2015
Alles ontvangen wat de Vader heeft: een hedendaagse gelijkenis
Juli 2015


Alles ontvangen wat de Vader heeft: een hedendaagse gelijkenis

Naar ouderling Carlos E. Asay (1926–1999) van de Zeventig, ‘The Oath and Covenant of the Priesthood’, Ensign, november 1985, 45.

Afbeelding
Illustration of a young man wearing a suit and tie.

Een jongeman bereidde zich op een zending voor. Zijn ouders waren bereid zijn zending te bekostigen, zolang hij zich aan de zendingsregels zou houden en hard zou werken. Daar stemde hij mee in.

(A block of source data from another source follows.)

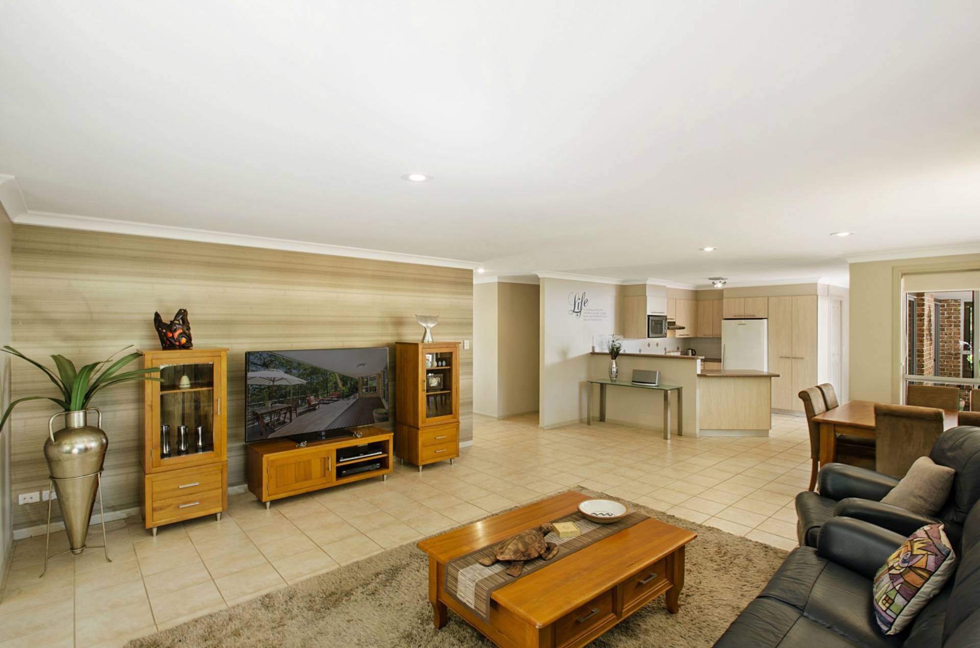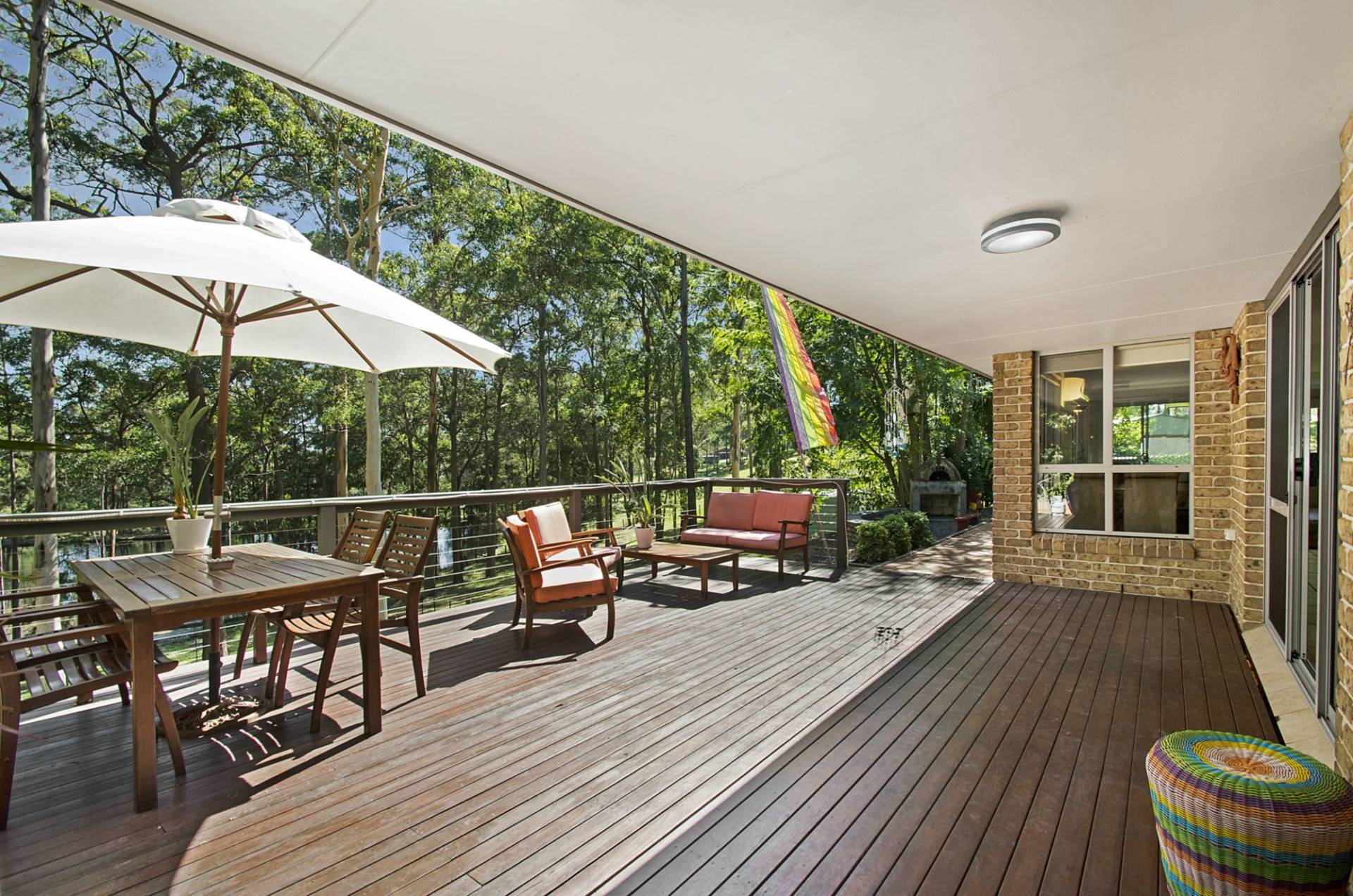 The sleek open plan living, dining, kitchen zone connects via sliding doors to the large rear deck offering indoor/outdoor living with the bonus of a wood-fired pizza oven, perfect for al fresco dining while enjoying the dam and bush outlook.
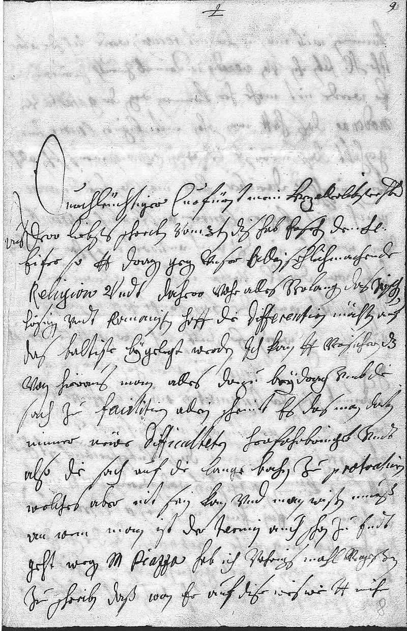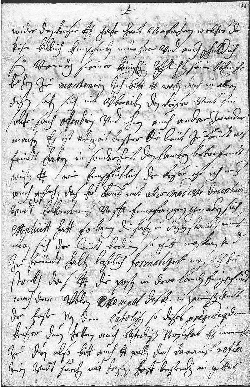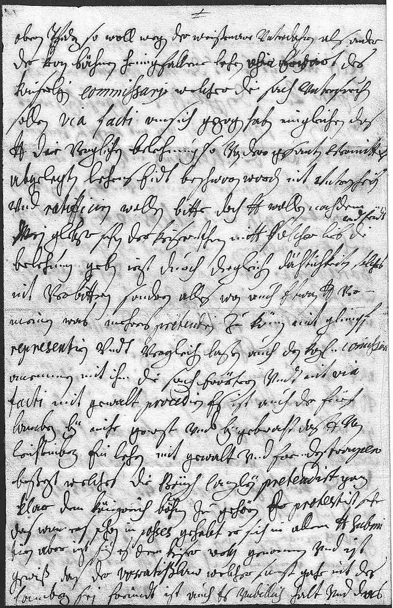 0001Durchleüchtiger Curfürst, mein herzallerlibster herr bruder 0002Aus dero liebsts schreiben vom 3ten dis hab ersehen dem heiligen 0003eifer, so dero Liebden dragen gegen vnser allein sehlichmachende 0004religion, vndt dahero vohr alles verlangen, das zwischen 0005hiesigen vndt romanischen hoff die differentien möchten auf 0006das baltiste beygelegt werden. Ich kan dero Liebden versichern, das 0007von hieraus man alles dazu beydrag, vmb die 0008sach zu facilitiren, allein scheinet es, das man dorten 0009immer newe difficulteten herfohrbringet vndt 0010also die sach auf die lange bahn zu protrahiren, 0011welches aber nit sein kann vnd man wißen mueß, 0012an wem man ist, der termin auch schon zu endt 0013geht. Wegen Monsignore Piazza hab ich vohrigs mahl vergeßen 0014zu schreiben, daß wan er auf dise weis, wie dero Liebden mihr schreiben,
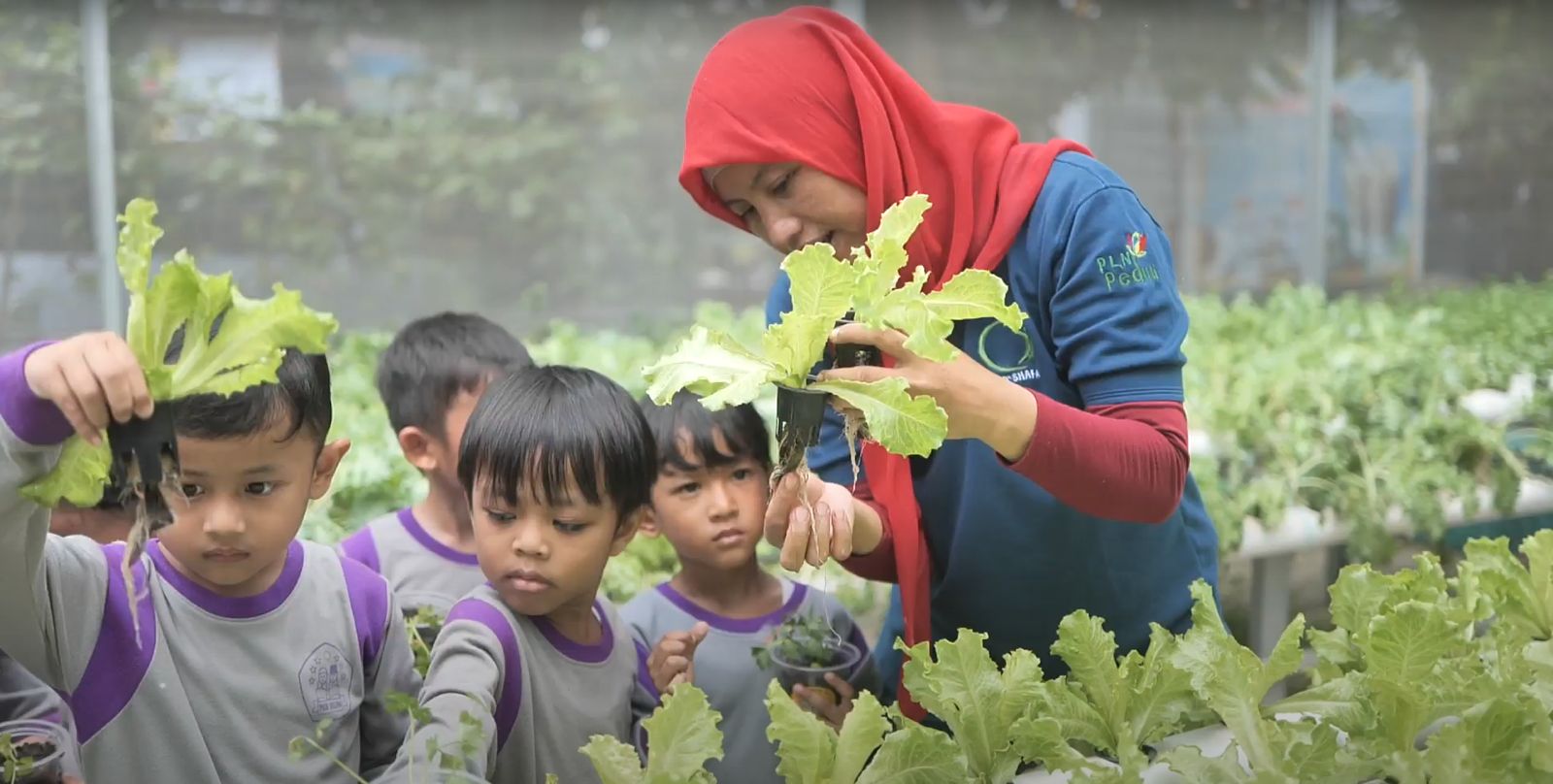Anak-anak dari PAUD Delima terlihat antuasia mendengarkan penjelasan dari Haryati tentang sayuran yang mereka panen. Foto: PLN UID Jakarta Raya
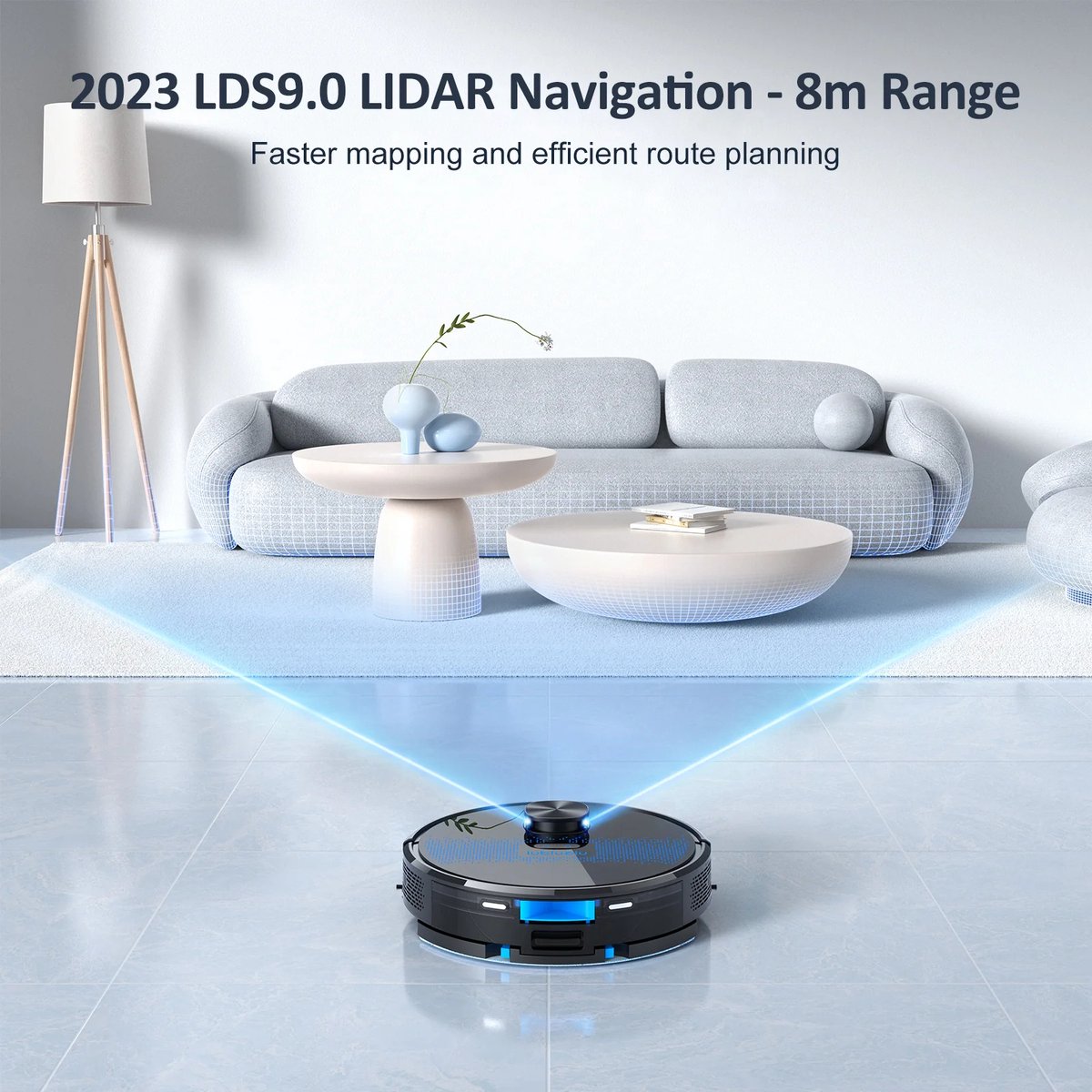 Zeg vaarwel tegen willekeurige schoonmaakpatronen en hallo tegen systematisch schoonmaken met de Laser Distance Sensor (LDS) 9.0 Lidar cartografie en SLAM-navigatie van de SL60D. Deze innovatieve technologie stelt de robotstofzuiger in staat om tot wel 5 nauwkeurige kaarten van je huis te maken, waardoor grondige dekking gegarandeerd is met 3x betere nauwkeurigheid dan gewone LDS. Met een laserbereik van 8 meter kan hij door complexe omgevingen navigeren en optimale schoonmaakroutes plannen, zodat geen hoekje onaangeroerd blijft.
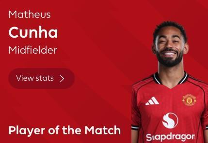 最终经过英超官网球迷投票,本场比赛出场81分钟的马特乌斯-库尼亚以49%的得票率当选全场最佳球员。
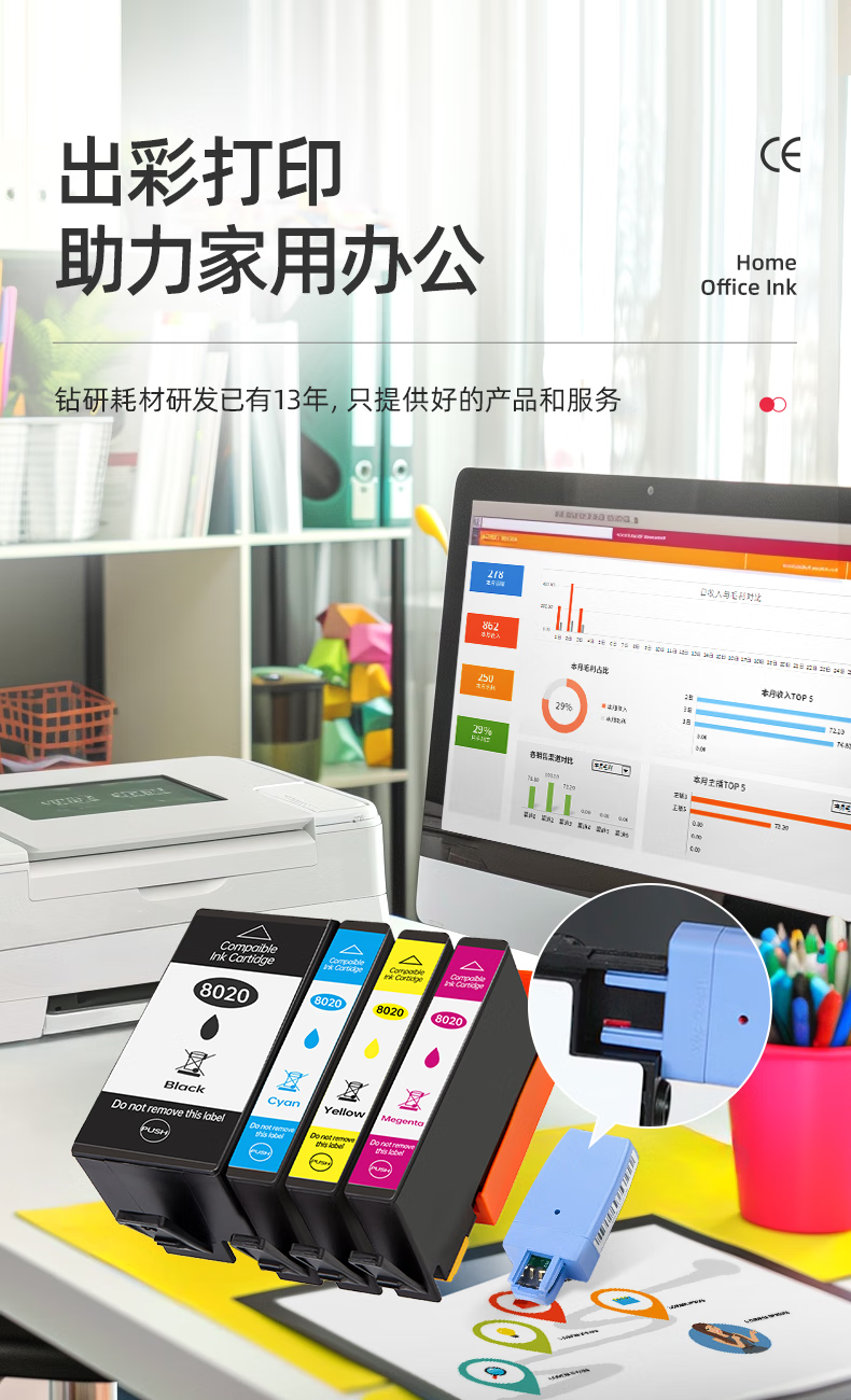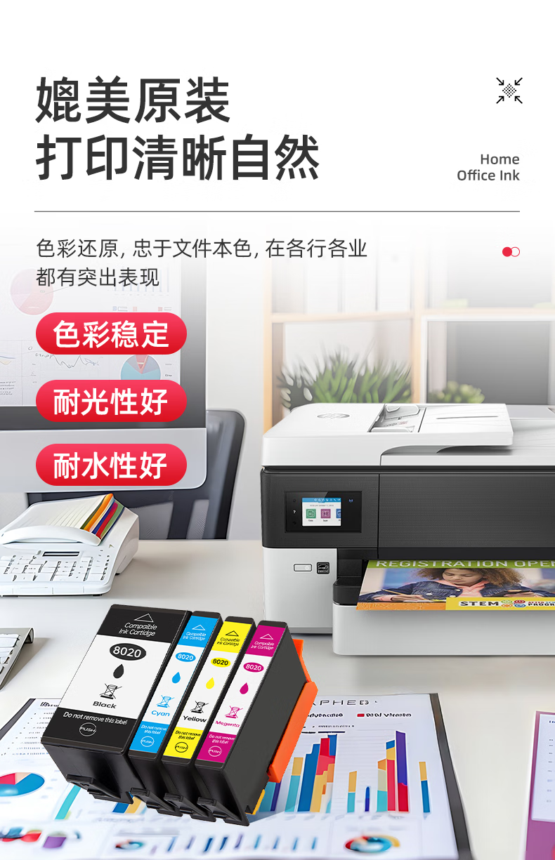 绘威915XL墨盒 适用惠普8020墨盒8010 8018 8025 8028 hp officejet pro 8020打印机墨盒915墨盒【四色套装】
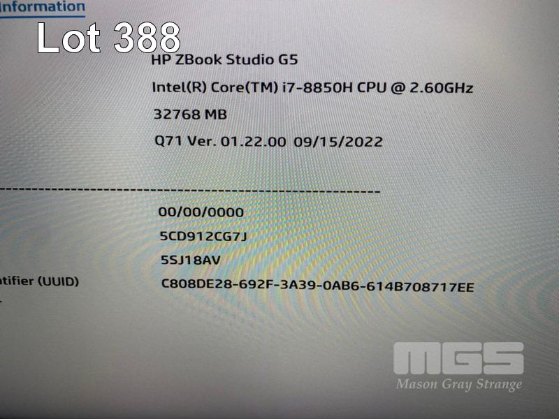 LAPTOP, HP ZBOOK STUDIO G5 MOBILE WORKSTATION (5SJ18AV), CORE i7 8850H (8TH GEN) @ 2.6GHz, 32GB DDR4 RAM, 512GB NVMe M.2 SSD, 15.6" WIDESCREEN (1920x1080), 4GB NVIDIA QUADRO P2000 VIDEO, Wi-Fi, BLUETOOTH, WINDOWS 11 PRO INSTALLED & POWER SUPPLY S/N:5CD912CG7J

Toen hij eenmaal in het zendingsveld was, vond hij het zendingswerk veel zwaarder dan hij gedacht had. Een nieuwe taal leren, zich aan een andere cultuur aanpassen en negatieve reacties ontmoedigden hem. Zijn collega en zendingspresident probeerden hem moed in te spreken, maar hij wilde er nog steeds de brui aan geven.

Hij zei tegen zijn zendingspresident dat hij naar huis wilde. Zijn zendingspresident nam contact op met de vader van de jongeman en gaf hem toestemming om zijn zoon te bellen.

De zendeling vertelde zijn vader over zijn ontmoediging. Zijn vader zei: ‘Je moeder en ik hebben jarenlang uitgekeken naar de dag dat je een voltijdzending zou vervullen. We weten hoe belangrijk het is om het evangelie van Jezus Christus te prediken aan de mensen die het niet kennen.’

De zoon antwoordde: ‘Pa, ik wist niet dat een zending zoveel voor je betekende.’

‘Een zending betekent alles voor me’, verklaarde de vader. ‘Mijn hele leven heb ik gewerkt, mijn zaak opgebouwd en geld gespaard met één persoon in gedachte: jij. Ik heb altijd als doel gehad jou een overvloedige erfenis na te laten.’

‘Maar pa,’ wierp de zoon tegen, ‘dat verandert niets aan het feit dat ik geen zin heb in …’

De vader onderbrak hem met de woorden: ‘Hoe kan ik je mijn zaak in handen geven als je jezelf niet twee korte jaren in dienst van de Heer kunt bewijzen?’

Er viel een stilte terwijl de zoon over de vraag van de vader nadacht.

Toen zei de vader: ‘Mijn zoon, als je in deze roeping trouw bent en jezelf waardig toont, zal al het mijne het jouwe zijn.’

Geraakt door deze belofte liet de zoon zijn vader dapper weten: ‘Ik zal blijven.’

De zoon bleef inderdaad en diende trouw. Hij hield zich aan de zendingsregels en werkte hard. En ja, op een zeker moment na zijn zending ontving hij van zijn vader de beloofde erfenis, namelijk alles wat zijn vader hem te geven had.